Türkiye'de “yetiştirilen 7 çeşit yemeklik baklagil arasında en fazla üretilenlerin nohut, kuru fasulye ve mercimek olduğunu vurgulayan Bayraktar, "Fastfood ve hazır gıda tüketiminin arttığı son yıllarda doktorlar ve diyetisyenler tarafından da baklagiller sıklıkla öneriliyor. Ayrıca baklagiller, topraktaki organik madde birikimine yardımcı olmaları ve toprak yapısını düzeltmeleri nedeniyle tarımda ekim nöbetinde sıklıkla tercih ediliyor. Bu durum baklagillerin tarımsal üretimdeki önemini artırıyor." ifadesini kullandı.
Bu doğrultuda Birleşmiş Milletler tarafından 2016'nın "Uluslararası Bakliyat Yılı" ilan edildiğini ve takip eden süreçte her yıl 10 Şubat'ın da "Dünya Bakliyat Günü" olmasının kararlaştırıldığını aktaran Bayraktar, şöyle devam etti:
"Ülkemizde baklagil üretimi ülke geneline yayılmış olsa da Güneydoğu Anadolu Bölgesi, İç Anadolu Bölgesi ve Marmara Bölgesi’nin güneyinde yoğunlaşıyor. Genel olarak, kırmızı mercimek Güneydoğu’da, yeşil mercimek İç Anadolu’da, bakla Ege ve Güney Marmara’da, nohut ve kuru fasulye ise birçok bölgemizde yetiştiriliyor. Yemeklik baklagil üretiminin, yüzde 42,7’sini nohut, yüzde 30,1’ini kırmızı mercimek, yüzde 20,7’sini kuru fasulye, yüzde 5,3’ünü yeşil mercimek oluşturuyor. Geri kalan yüzde 1,1’ini ise diğer bakliyatlar oluşturuyor. Ülkemizde 1990 yılında 20,3 milyon dekar olan baklagil ekim alanı bugün 8,7 milyon dekara geriledi. Yani ekim alanlarımızda yüzde 56,6 oranında azalma yaşandı. Aynı şekilde üretimde de yüzde 33,2 oranında bir gerileme gerçekleşti."

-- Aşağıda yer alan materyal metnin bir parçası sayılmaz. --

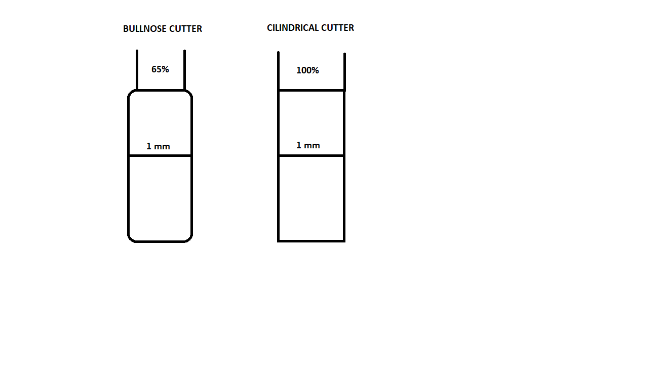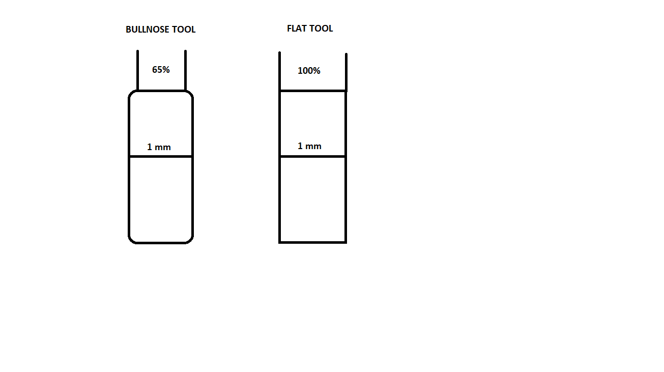 The 'Bullnose/Flat milling cutter' option allows you to enter the diameter of the tool used in the milling process and to enter the 'flat percentage' of the cutter. So for the sake of argument, if we enter a milling cutter diameter of 1 mm and a flat percentage value of 100%, we will have a perfectly Flat tool. If we enter a milling cutter diameter of 1 mm and a flat percentage value of 80%, we will have a Bullnose tool: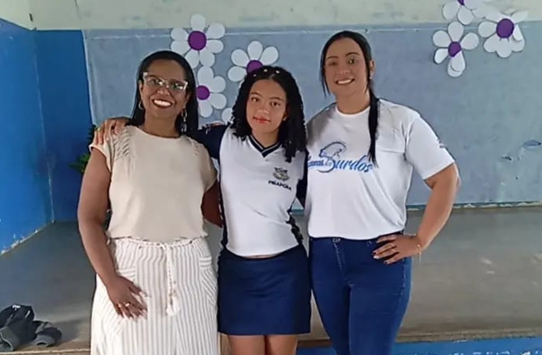 Neste ambiente e cultura que está sendo desenvolvida na escola, a aluna Ana Clara do 6º Ano do Ensino Fundamental, diagnosticada com deficiência auditiva severa, tem demonstrado uma maior conexão, senso de pertencimento e fortalecimento de vínculos com a sua turma e colegas de outras turmas, que fizeram questão de participar do curso de Libras.

- NOHUT, MERCİMEK VE KURU FASULYEDE İTHALATÇIYIZ
2016 yılının Uluslararası Bakliyat Yılı ilan edilmesinin ardından 2016 ile 2024 yılları arasında yapılan çalışmalar ve üreticilerin çabasıyla bakliyat üretiminin yüzde 24,5 artarak 1 milyon 345 bin tona çıktığına dikkati çeken Bayraktar, "Bu artışa rağmen nohut dışında en çok ürettiğimiz baklagillerde arz açığımız devam ediyor. İstatistikler yeşil mercimekte yüzde 39,8, kırmızı mercimekte yüzde 14,1, kuru fasulyede ise yüzde 8,6 oranında açığımız olduğunu gösteriyor." ifadesini kullandı.

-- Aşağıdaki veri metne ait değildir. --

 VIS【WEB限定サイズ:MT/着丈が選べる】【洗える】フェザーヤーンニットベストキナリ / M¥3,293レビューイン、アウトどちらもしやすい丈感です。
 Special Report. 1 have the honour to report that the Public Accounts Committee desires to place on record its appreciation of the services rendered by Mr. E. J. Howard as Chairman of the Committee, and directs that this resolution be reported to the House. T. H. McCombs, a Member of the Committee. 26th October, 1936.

Son 10 yılda kuru fasulye, nohut ve mercimekte ithalat miktarının 379 bin 869 tondan yüzde 55 artarak 587 bin 500 tona çıktığını vurgulayan Bayraktar, şunları kaydetti:
"İthalat değeri ise yüzde 28 artarak 321 milyon dolardan 412 milyon 200 bin dolara yükseldi. Böylelikle son 10 yılda 5 milyon 44 bin ton ithalata karşılık 3 milyar 629 milyon dolar para ödedik. En önemli protein kaynaklarından baklagilde ithalatçı olmamız kabul edilemez. İnsanımızın protein ihtiyacının karşılamasında önemli bir yere sahip olan baklagillerin üretimini artırmak zorundayız. Halkımızın sağlıklı beslenmesi için temel gıda ürünlerinde üretim artırılmalı, ithalattan vazgeçilmelidir."

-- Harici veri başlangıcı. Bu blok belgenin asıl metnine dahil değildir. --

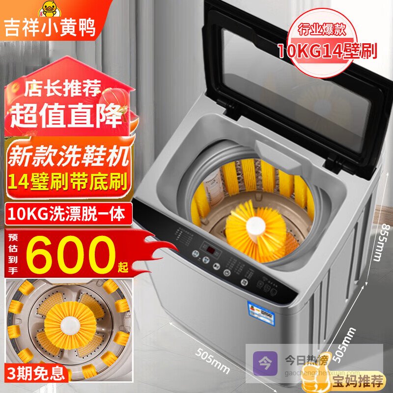 在产品种类与选择上,吉祥小黄鸭洗鞋机聚焦于全自动洗鞋机领域,产品线相对简洁明了,适合家庭使用。其9L的大容量设计支持同时洗涤5-7双成人鞋,这一特点非常符合大多数家庭的使用需求。同时,机器采用了360°毛刷搭配蓝光照射技术,能够实现深层清洁与抑菌,受到了许多用户的青睐,特别是在应对鞋子内部细菌问题方面表现突出。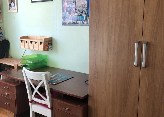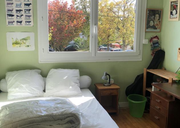 Je propose une chambre à l’étage de ma maison. La chambre a un grand lit, une armoire et un bureau. Elle est très lumineuse. Il y a aussi une salle de bain et des WC réservés à la chambre.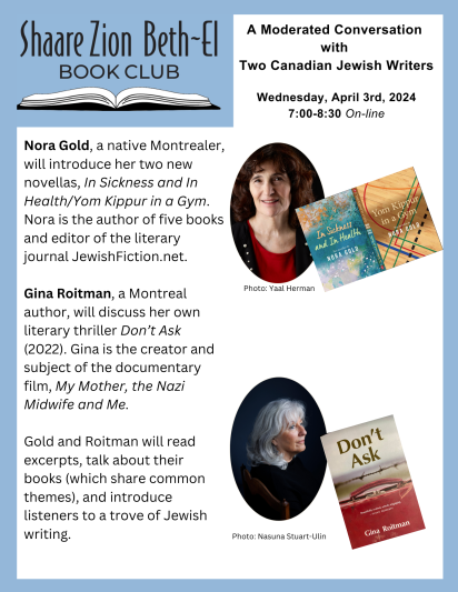Nora Gold, a native Montrealer, will introduce her two new novellas, In Sickness and In Health and Yom Kippur in a Gym. Nora is the author of five books and editor of the literary journal JewishFiction.net.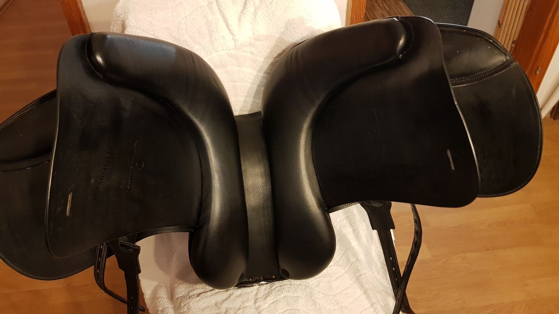 Biete meinen leider meinem Pferd nicht mehr passenden Kostolany, Größe 18 Zoll, schwarz mit dem typischen Butterfly Scharnier System und Brückeneisen statt eines normalen Kopfeisens. Am Sattelkranz befindet sich leider ein Kratzer (siehe Foto) , ansonsten sehr guter gepflegter Zustand Maße bitte auch den Fotos entnehmen. Versand möglich, Barzahlung bei Abholung oder PayPal, Anprobe gegen Hinterlegung des Kaufpreises möglich. Standort ist 56766 Auderath, nicht Horperath...leider kann ich das irgendwie nicht ändern..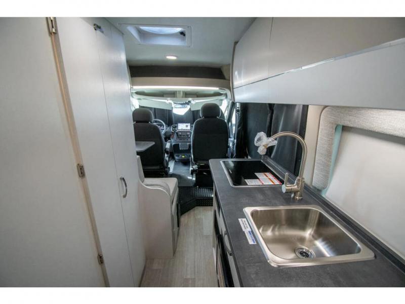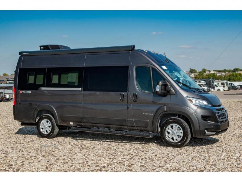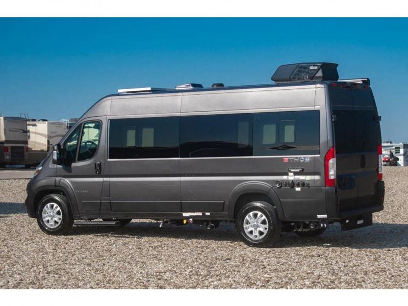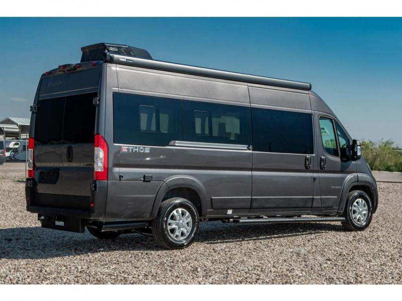 With any Ethos Class B gas motorhome by Entegra you will find helpful technology features, luxury amenities, and a smooth drive thanks to the E-Z Drive system. The 3.6L V6 24V VVT 276HP engine will power your trips near and far, plus there is an 2800-watt gas generator on board and a 1,000-watt inverter. Each model also includes a Truma Combi Eco Plus water heater and furnace, a 13,500 BTU A/C, a water filtration system, plus many more convenient systems. A Uconnect 5 NAV infotainment center comes standard, along with a backup camera and a cab area privacy shade. You'll be traveling in luxury with residential vinyl flooring, European-style high-gloss cabinetry, a soft-touch vinyl celling, and pressed countertops. Start a new adventure today in an Ethos Class B gas motorhome today!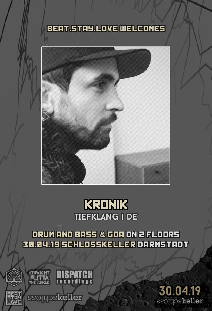 Neben unseren internationalen Headlinern haben wir uns natürlich wieder um tatkräftige Unterstützung aus der (über)regionalen Szene bemüht. Mit DJ KRONIK, Urvater der Tiefklang Crew und somit Aushängeschild der Saarbrückener Drum & Bass Szene, haben wir erneut einen echten Ausnahmekünstler zu Gast, der bereits seit Anfang der 00er Jahre mit seinem einzigartigen, deepen und gleichzeitig treibenden Sound sowie seinen ausgefeilten Veranstaltungskonzepten zu beeindrucken weiß. Egal ob im eher familiären Rahmen oder auf der großen Bühne wie etwa kürzlich beim Fusion-Festival, sein außergewöhnliches Gespür für die Musik, das sich unverkennbar in seinen DJ-Sets widerspiegelt, begeistert die feierwütigen Masse stets aufs Neue. Auch uns freut es extrem, ihn erneut bei uns begrüßen zu dürfen!

- ÜRETİCİ İLE TÜKETİCİ ARASINDAK FİYAT MAKASI ÇOK FAZLA
Son yaptıkları çalışmada baklagillerde üretici ile tüketici arasındaki makasın çok açık olduğunu belirlediklerini belirten Bayraktar, şöyle devam etti:
"Üreticide 23 lira olan kırmızı mercimek markette 60 liraya, 31,5 lira olan nohut 89 liraya, 33 lira olan kuru fasulye 98 liraya, 29 lira olan yeşil mercimek 72 liraya satılıyor. Kırmızı et fiyatlarının yüksekliği ve tüketicinin alım gücünün düştüğü günümüzde protein ihtiyacının yeterince karşılanması bakımından üreticilerimizde ucuz olan bu ürünleri tüketicilerimizin pahalı yemesinin izahı yoktur. Bu gibi temel gıda ürünlerinde marketlerde tavan fiyat uygulanmalıdır. Baklagil üretimini artırmaya yönelik teşvikler artırılmalı, üretici ile tüketici arasındaki fiyat farkı makul seviyelere çekilmelidir. Hasat dönemine yakın ithalat yapılarak piyasa dengesi bozulmamalıdır. Üreticilerimizin memnun olacağı bir fiyat politikası oluşturulmalıdır. Çiftçilerimizin üretimini sürdürebilmesi için yetkililerin bu sorunları görmezden gelmemesi ve yerli üretimi destekleyici politikalar geliştirmesi gerekiyor. Bu vesile ile Dünya Bakliyat Günü’nü kutluyor, emeğiyle bakliyat üretimimize değer katan çiftçilerimize teşekkür ediyorum."